■ PROVIDED DATA
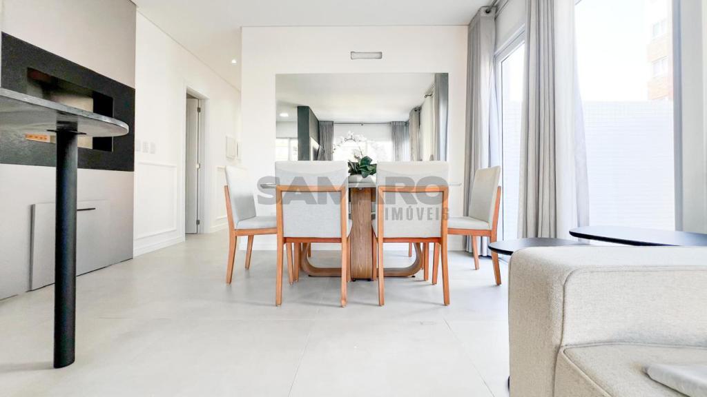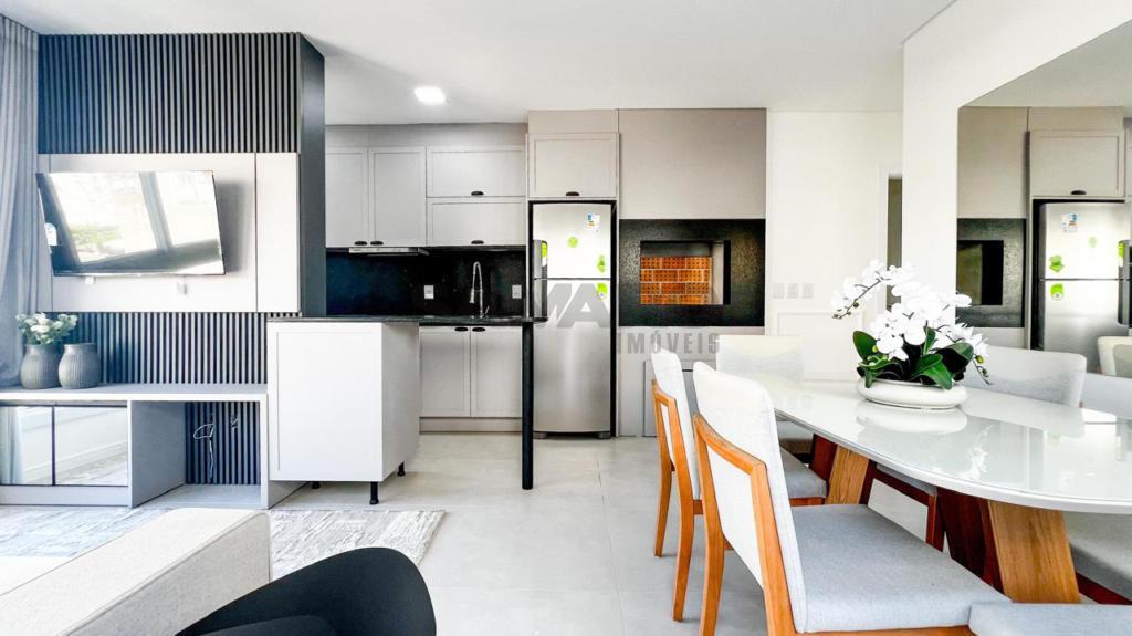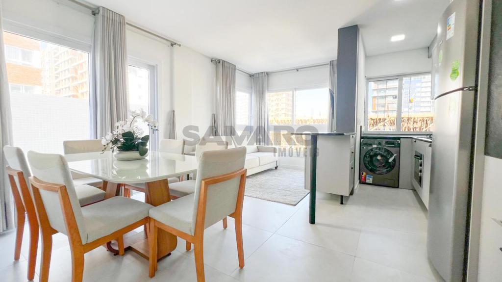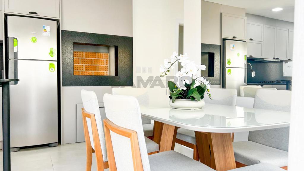 02 dormitorios, 02 suíte, banheiro social, living estar, jantar, cozinha estilo Americana com churrasqueira, lavanderia separada, mobiliado, uma vaga de garagem.
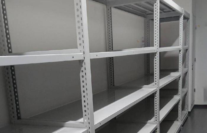 段ボールや小物を保管する中量系の固定棚。
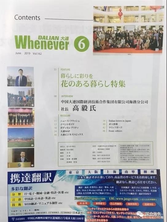 國合海務總經理高毅接受漫步雜志社專訪 2020-09-04 1745 2019年6月,我司總經理高毅先生接受大連著名的漫步雜志社記者專訪。 大連漫步雜志是一本日語綜合月刊雜志,旨在為居住在大連的日本人和日本旅客、在大連進行商務洽談的日本企業以及關注日本資訊的中國人提供有益信息。 在專訪中,總經理高毅對技能實習生制度的現狀及將來的發展趨勢進行了深度的剖析和解讀。表示今后會繼續用心經營技能實習事業,培養更多優秀人才,使他們成為中日兩國的友好橋梁。
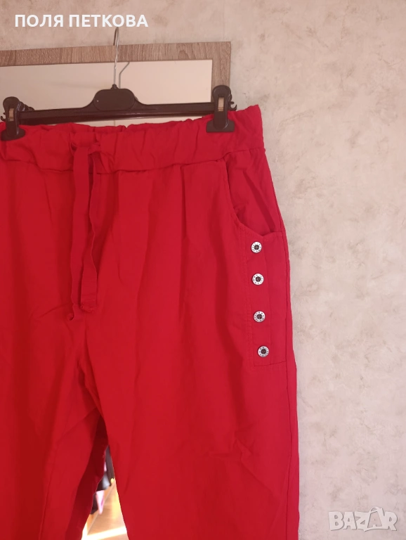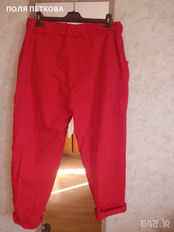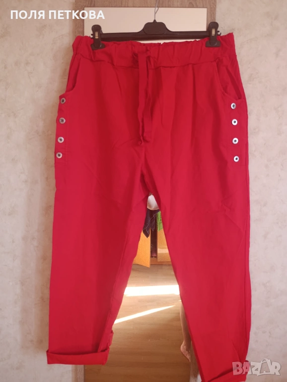 Нов италиански червен панталон широк свободен модел много еластична материя става за размер XL 2.3xl талия на ластик и с връзки от 84 до 120 см ханш130 с еластичност до 155 см цяла дължина 100 см изключително леки и удобен
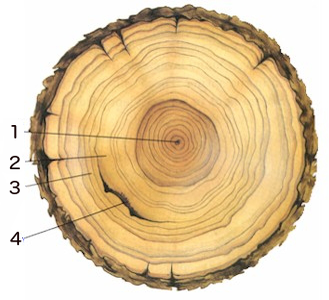Three rings variations: 1 - first year of growth, 2 - rainy season (thiker ring), 3 - dry season (narrower ring), and 4 - a scar from a forest fire.
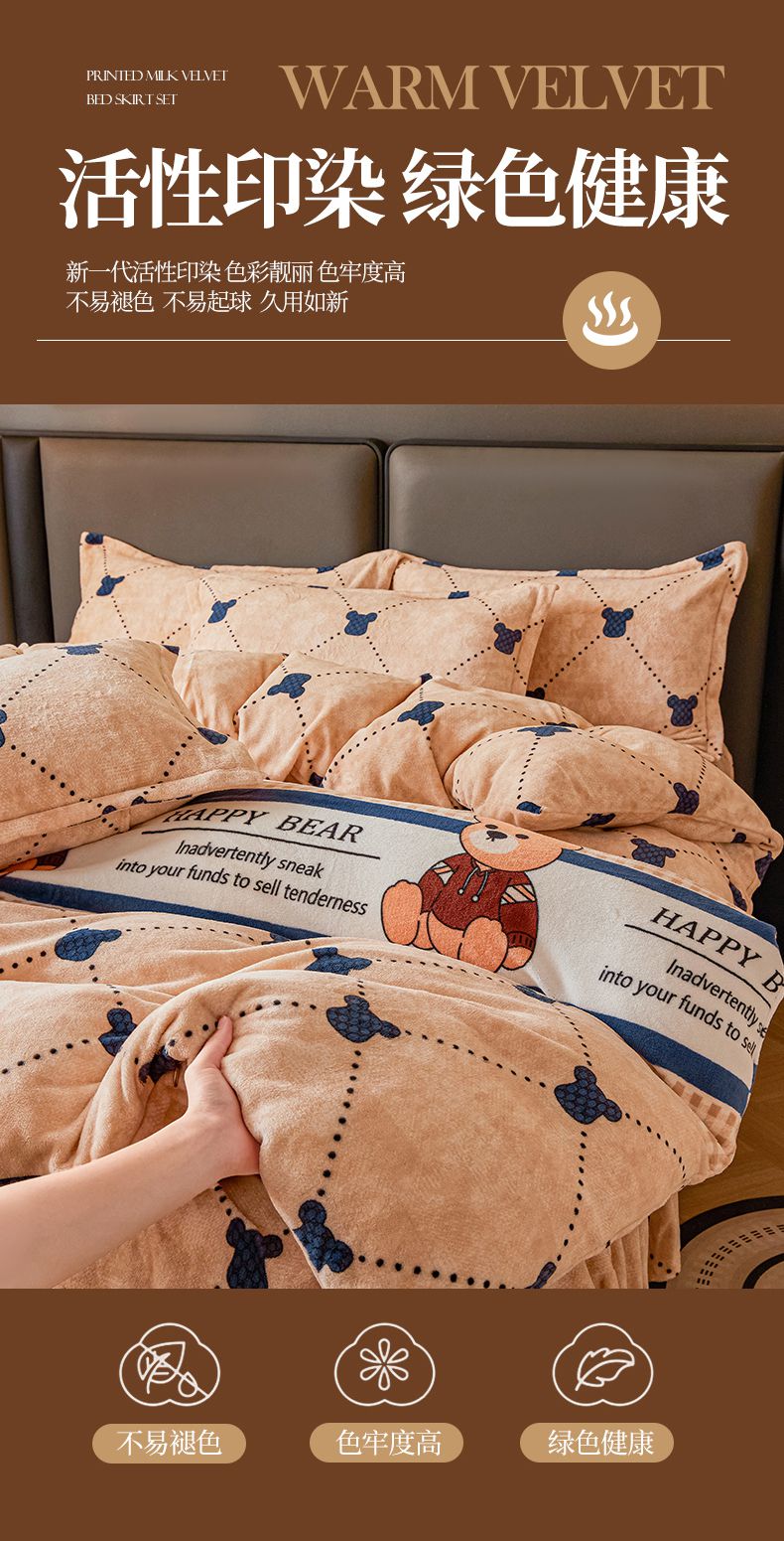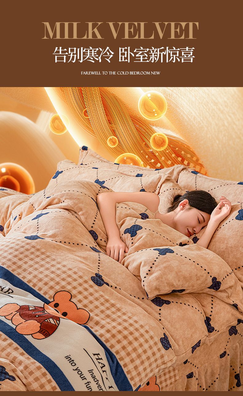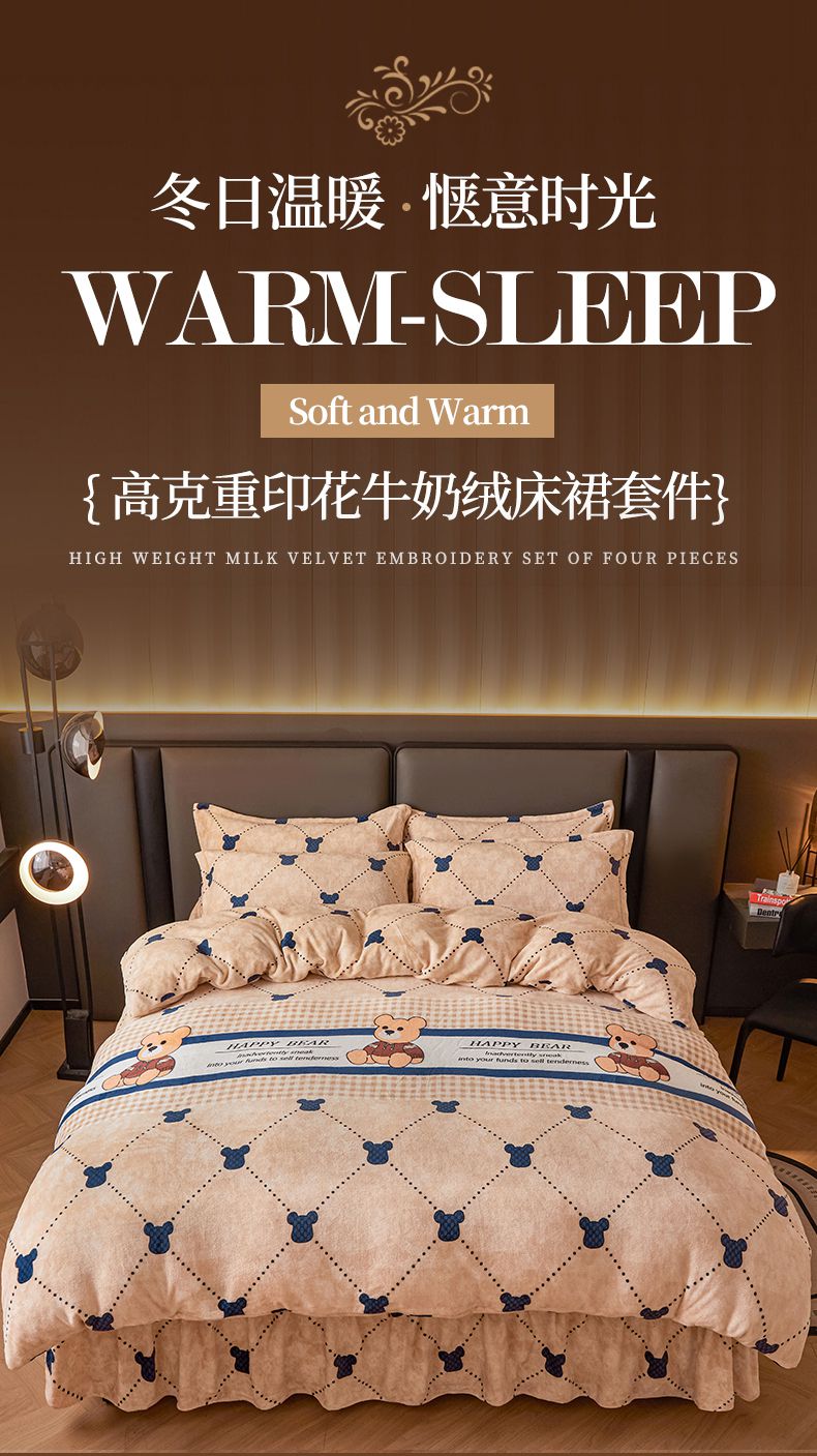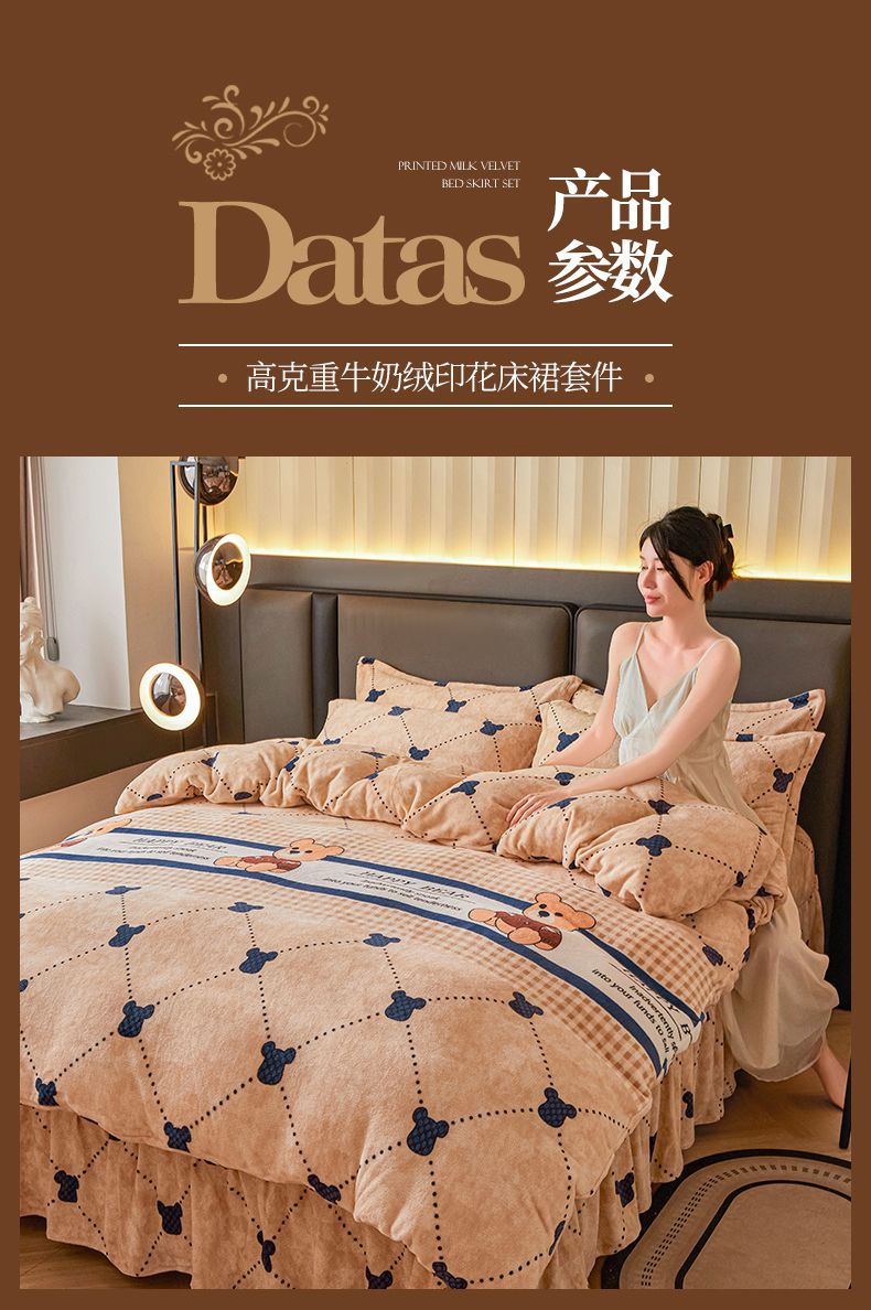 当前位置: 91家纺网 > 商品网购 > 床品套件 > 四件套 > 牛奶绒四件套 > 董韵家纺 2025新款高克重全消光牛奶绒法莱绒金貂绒印花单品被套床裙四件套(提供买家秀)爱克斯-卡其

■ WORK INSTRUCTIONS
Retype only the lines that run from the first line of the entries above to the line containing "國合海務總經理高毅接受漫步雜志社專訪 2020-09-04 1745", both included. Do not carry over any pictures.

■ ANSWER
 02 dormitorios, 02 suíte, banheiro social, living estar, jantar, cozinha estilo Americana com churrasqueira, lavanderia separada, mobiliado, uma vaga de garagem.
 段ボールや小物を保管する中量系の固定棚。
 國合海務總經理高毅接受漫步雜志社專訪 2020-09-04 1745 2019年6月,我司總經理高毅先生接受大連著名的漫步雜志社記者專訪。 大連漫步雜志是一本日語綜合月刊雜志,旨在為居住在大連的日本人和日本旅客、在大連進行商務洽談的日本企業以及關注日本資訊的中國人提供有益信息。 在專訪中,總經理高毅對技能實習生制度的現狀及將來的發展趨勢進行了深度的剖析和解讀。表示今后會繼續用心經營技能實習事業,培養更多優秀人才,使他們成為中日兩國的友好橋梁。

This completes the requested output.